I have recently run a relatively obscure genome through RepeatMasker and RepeatModeler, and produced a bedfile whereby I have all the instances of a TE annotated on all scaffolds.
This is what is looks like:
scaffold1 4 209 LINE/Penelope 0 +
scaffold1 429 470 Unknown 0 +
scaffold1 1027 1083 Low_complexity 0 +
scaffold1 1444 1484 Low_complexity 0 +
scaffold1 1713 1803 Low_complexity 0 +
scaffold1 1900 1920 Simple_repeat 0 +
scaffold1 3464 3538 Simple_repeat 0 +
scaffold1 4994 5045 Simple_repeat 0 +
scaffold1 7516 7541 Simple_repeat 0 +
scaffold1 10543 10827 DNA/hAT-Charlie 0 -
scaffold1 10823 11007 DNA/hAT-Charlie 0 -
scaffold1 11430 11506 Low_complexity 0 +
scaffold1 11562 11701 LINE/Penelope 0 -
scaffold1 12150 12181 Low_complexity 0 +
I also have a transcriptome, which has the TSS, TES, and exon coordinates annotated.
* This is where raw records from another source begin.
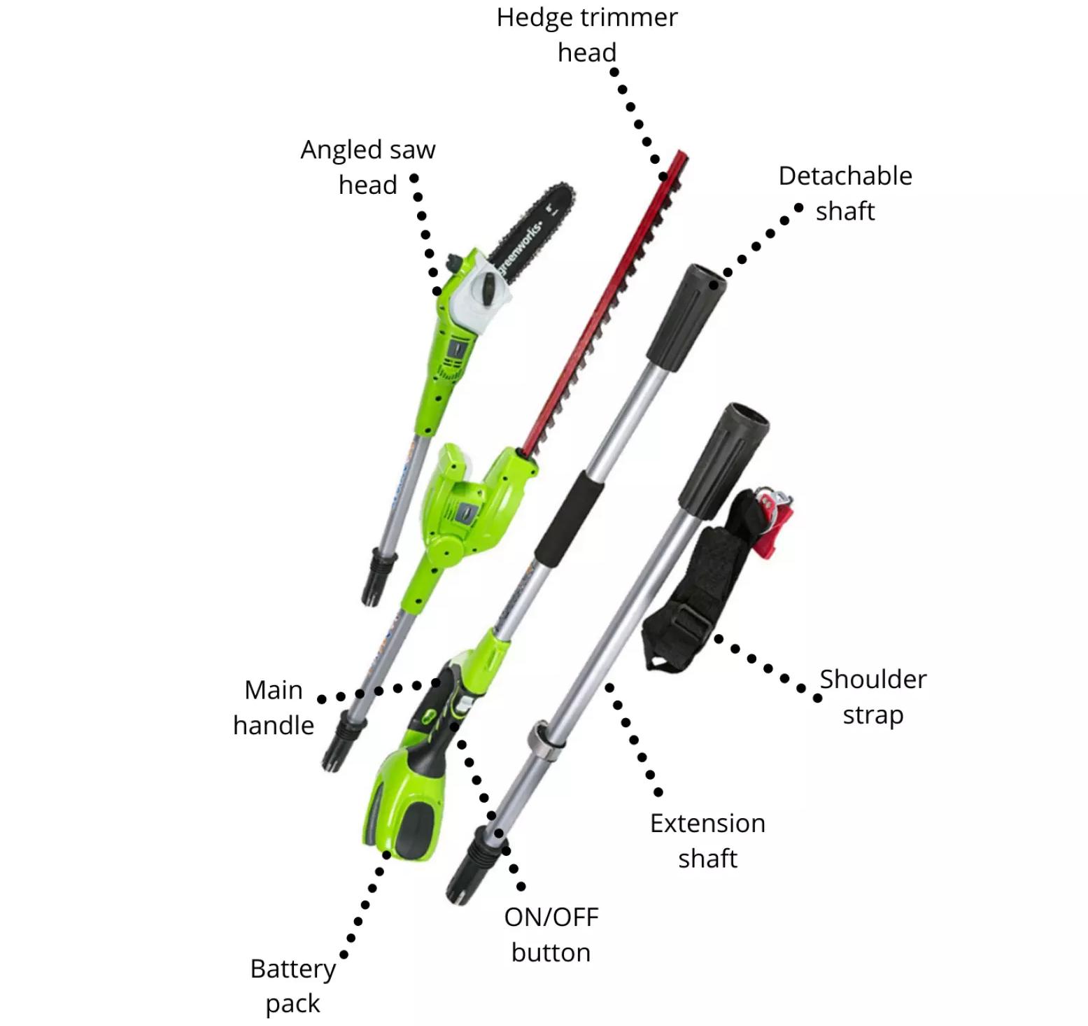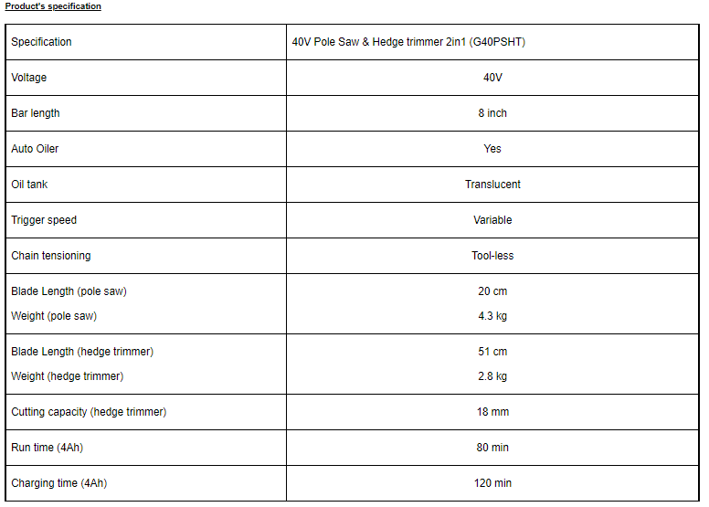 - G40PSHT is a Greenworks 40V battery branch saw and hedge trimmer on stem type which the users have one handle and two machines.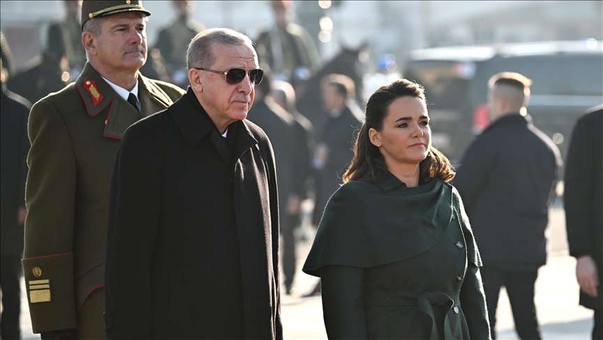 Presidenti i Türkiyes, Recep Tayyip Erdoğan, u prit me ceremoni zyrtare nga presidentja hungareze, Katalin Novak, në kryeqytetin e Hungarisë ku ka mbërritur për të zhvilluar takime zyrtare.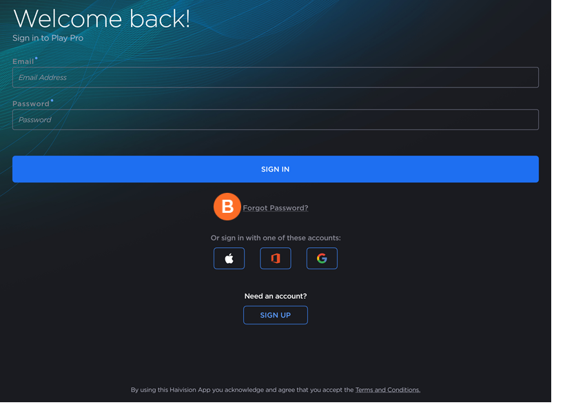The following instructions are for resetting the password to your account created for Play Pro and registered with Haivision. These instructions are not for resetting passwords for third-party accounts (Apple, Office 365, or Google), or HMP accounts. For help resetting the password for an HMP account, contact your administrator or refer to the HMP documentation.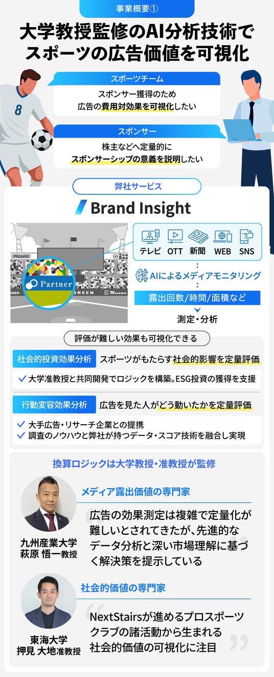 事業概要弊社は、これまでスポーツビジネスにおいてボトルネックとされてきた「スポンサーシップ価値の不透明さ」の解消を目的とする、広告価値換算プラットフォーム「Brand Insight」を展開しています。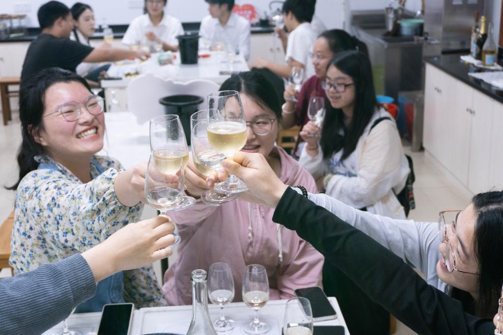 起泡酒作为最活泼百搭的葡萄酒往往能在这炎炎夏日给人带来一丝沁人心脾的美好。6月13日,海洋旅游学院师生参加了“龙行高校”2024中国葡萄酒公开课第六课———“灵动气泡 香润韶华”。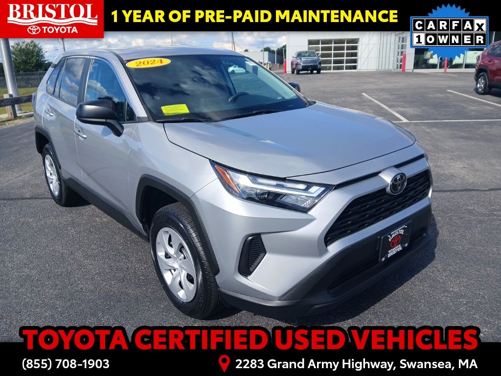 TOYOTA CERTIFIED 7 Year/100,000 Mile Warranty!! CARFAX One-Owner. Clean CARFAX.Backup Camera, Bluetooth, Hands-Free, Exterior Parking Camera Rear, Illuminated entry, Power door mirrors, Radio: AM/FM/XM Audio System, Steering wheel mounted audio controls.Toyota Gold Certified Details: * Roadside Assistance * Transferable Warranty * Roadside Assistance for 7 Year / 100,000 Mile. Standard New-Car Financing Rates Available. Warranty honored at over 1,400 Toyota dealers in the continental U.S. & Canada. Trade-ins accepted. Trouble-free handling of your transaction, including DMV paperwork * Limited Warranty: 12 Month/12,000 Mile Limited Comprehensive Warranty: 12 Month/12,000 Mile (whichever comes first) from certified purchase date * Powertrain Limited Warranty: 84 Month/100,000 Mile (whichever comes first) from TCUV purchase date * 160 Point Inspection * Warranty Deductible: $0 * Vehicle HistoryPlease call ahead today to make sure this vehicle is in stock! We're here to answer any questions. You can be confident that every used car we sell will be trouble free and reliable! Because if it's not, we won't sell it. Bristol Toyota is the only dealership in New England to have won Toyota's President's Award for over 35 consecutive years. Bristol Toyota..."Where friends send friends, Every Day!"Silver Sky Metallic 2024 Toyota RAV4 LE 4D Sport Utility AWD 8-Speed Automatic 2.5L 4-Cylinder DOHC Dual VVT-i 27/34 City/Highway MPG

It looks like this:
SCAFFOLD TSS TSS
scaffold1 1206 7550 transcript_2.1 . + transcript . gene_id "transcript2.1"; transcript_id "transcript2.1";
scaffold1 1206 1257 transcript_2.1 . + exon . gene_id "transcript2.1"; transcript_id "transcript2.1";
scaffold1 6257 7550 transcript_2.1 . + exon . gene_id "transcript2.1"; transcript_id "transcript2.1";
If I wanted to annotate the transcriptome for these particular TEs, would it be okay to do a simple bedtools intersect between the annotated genome file and the transcriptome file?
Can there be a biological situation where you have a transcript which is a protein-coding gene but within one of its exons also has an annotation as an LTR for example?